Fast ladies and freewheeling women in 1890s Dublin
Published on 2nd October 2024
Stumbling across the unexpected is one of the great joys of working at Dublin City Library and Archive. We recently encountered this image of three young ladies in ‘rational’ costume in The Parnellite ‘newspaper magazine’ of February 1895, one of many in our collections of newspapers and periodicals.

Image: The Parnellite February 1895
An advertisement the previous month invited readers to visit that year’s Cycle and Tyre Show at the Rotunda to see “Ladies in Rational Costume and other attractions”. Having been billed as the main draw at the show, the girls, kitted out in smart knickerbocker suits, look confident and self-assured as though they are doing the most normal thing in the world: going for a cycle in the countryside. In fact, they were flouting the gender conventions of the time and paving the way for the independent, physically active new woman of the 1890s!

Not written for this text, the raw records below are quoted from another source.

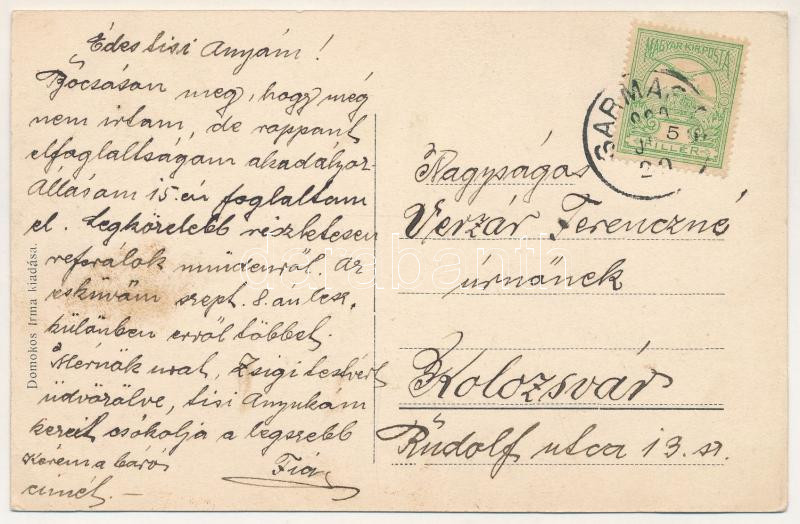 1909 Sarmaság, Sarmasag; vasútállomás, posta, csendőrlaktanya. Domokos... https://www.darabanth.com/hu/514-Filatelia-kepeslap-numizmatika-mutargy-konyv-papirregiseg-ekszer-aukcio/515.0/Kepeslapok/Erdely~1105/1909-Sarmasag-Sarmasag-vasutallomas-posta-csendorlaktanya-Domokos-Irma-kiadasa-railway-~II3463814
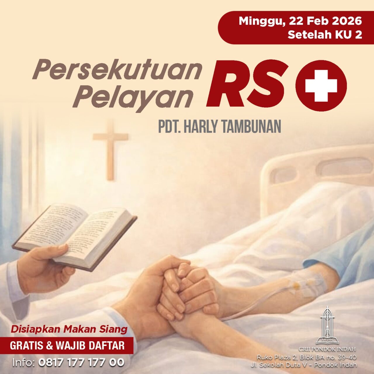 PERSEKUTUAN DOA PAGI - GRII PONDOK INDAH Setiap Sabtu, pk. 07.00 - 08.00 WIB Aula lantai 2 GRII Pondok Indah
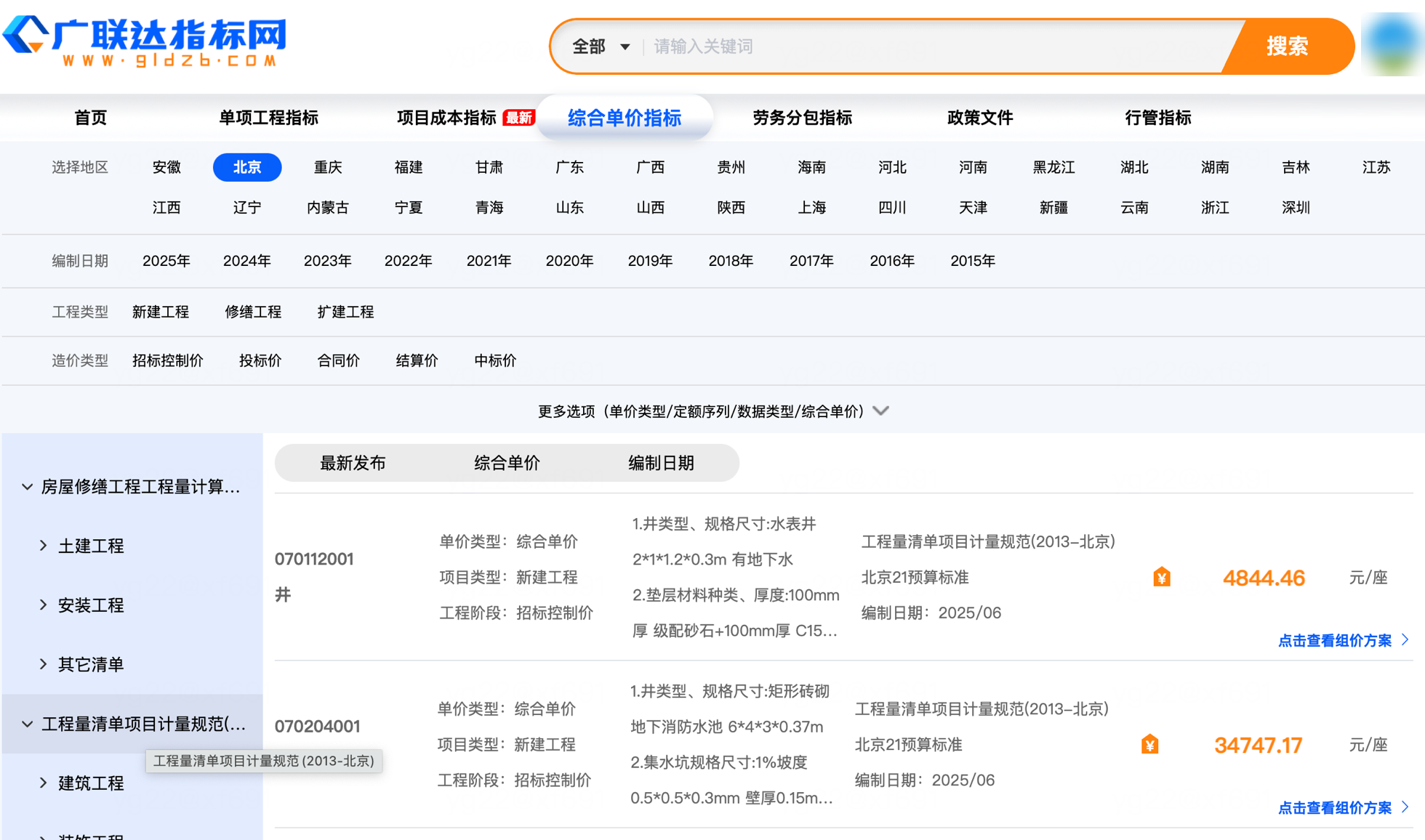 综合单价指标提供海量真实项目清单组价方案、综合单价,云计价直接调用,大幅提升清单编制、组价效率;涵盖信息:清单名称、特征描述、综合单价、编制日期、工程阶段、定额组成、单价构成、工料机价格等。

Image: The Parnellite January 1895
The idea of ‘rational’ dress for women had developed in reaction to the elaborate and confining fashion expected at the time. Having first put on stockings and garters, then drawers and a chemise, a stiff corset and finally a gown and jacket, the fashionable middle-class woman might find herself carrying an additional 25 pounds in weight. The restrictions of tight corsets and long skirts matched the social expectation that these women would confine their lives to the domestic sphere. In fact, women out on their own were even in danger of being regarded as having fast or easy morals. The rational dress movement aimed to encourage women to dress in a healthier way, wearing clothes that were more conducive to a natural physique and movement. The neat, woollen, waist length jackets and knickerbockers worn by the girls pictured in The Parnellite were typical of such costume.

Image: The Lady of the House Christmas 1893
Cycling had been growing in popularity in Ireland since the 1880s with younger gentlemen riding the penny farthing and older men and some ladies riding tricycles. However, the invention of the pneumatic tyre and the safety bicycle (with two wheels of equal size) ensured a smoother and faster ride. It also helped enable Irish women to push the boundaries of the belief that women were the fairer, frailer sex.

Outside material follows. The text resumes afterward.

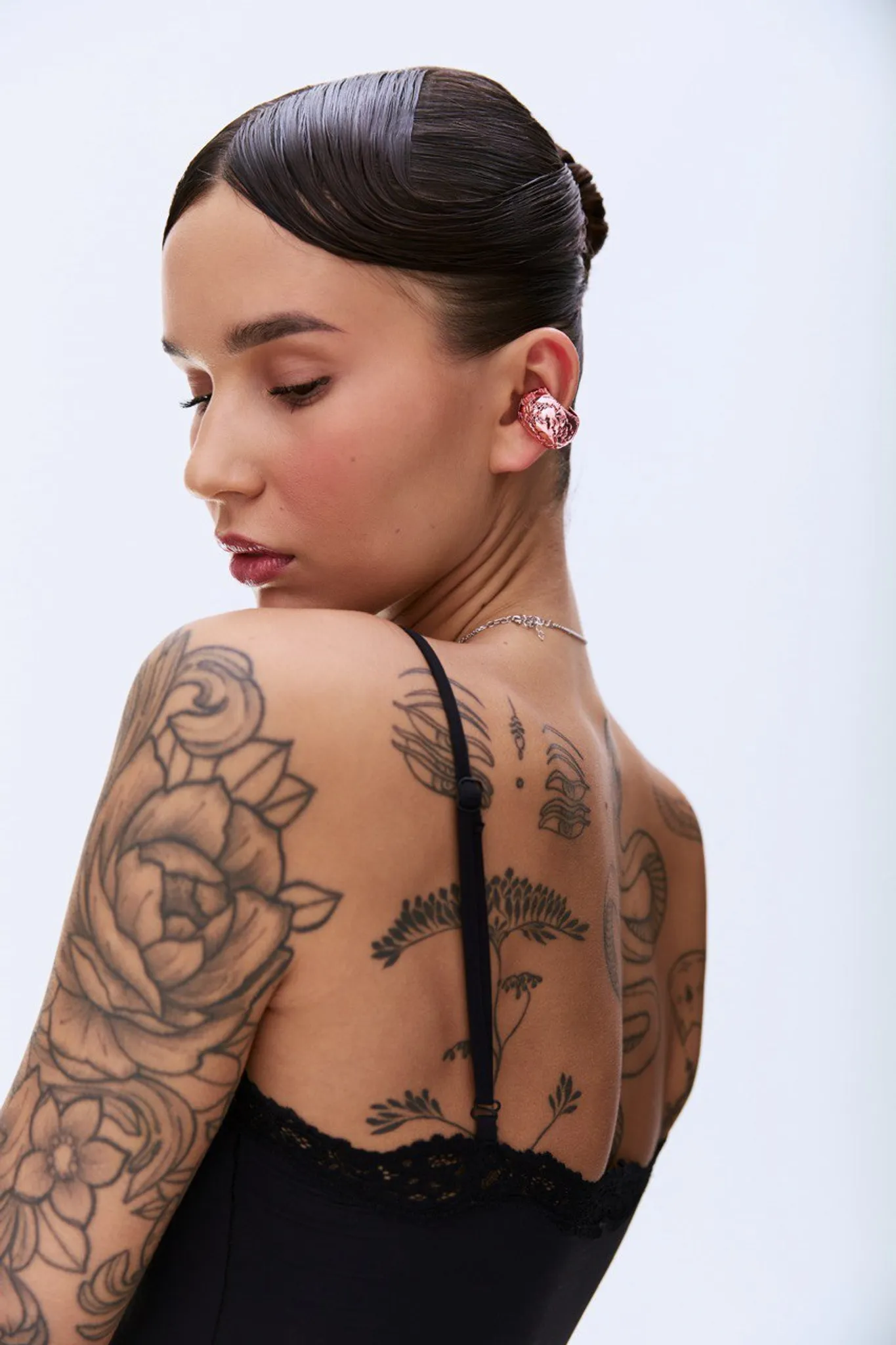 Кафф из серебряного кружева нежного розового оттенка в форме большого бублика — идеальная деталь для романтичных и воздушных образов. Сочетайте его с другими украшениями коллекции, чтобы получить законченный сет в винтажном стиле.

Image: The Art and Pastime of Cycling RJ Mecredy
By the mid-1890s, Dublin was in the grip of a cycling craze. The Ohne Hast (without hurry) Cycling Club was a mixed club for both men and women, as was the Sandymount and Pembroke Cycling Club, but it was Tipperary’s Nenagh Ladies’ Cycling Club that was the first all-female club to be established in Ireland, and indeed the U.K. However, lady cyclists were still often regarded as oddities and met with ridicule. R.J. Mecredy, editor of the Irish Cyclist, author of The Art and Pastime of Cycling and likely the Mecredy credited in the photograph of our rational girls, argued for appropriate dress for lady cyclists throughout this period whilst also warning of the adverse impact it might have on their acceptance.
Gradually they did become more acceptable and even sometimes had the last laugh. The Dublin Evening Telegraph of 21st August 1894 had it that in the face of being asked “What’s you? Be it man or woman?” a lady cyclist might by then have “the courage of her opinions” and present “an impassive front to spectators”, whilst later the Dublin Evening Mail of 15th March 1898 reported on a near collision on Duke Street in which a gentleman cyclist was thrown from his bike whilst the lady cyclist involved “kept her seat and by a dextrous move cleared the other machine and rode on safely.” Whilst the gentleman concerned became an object of mirth to the crowd who gathered around him, the lady “rode off, her face beaming with delight”!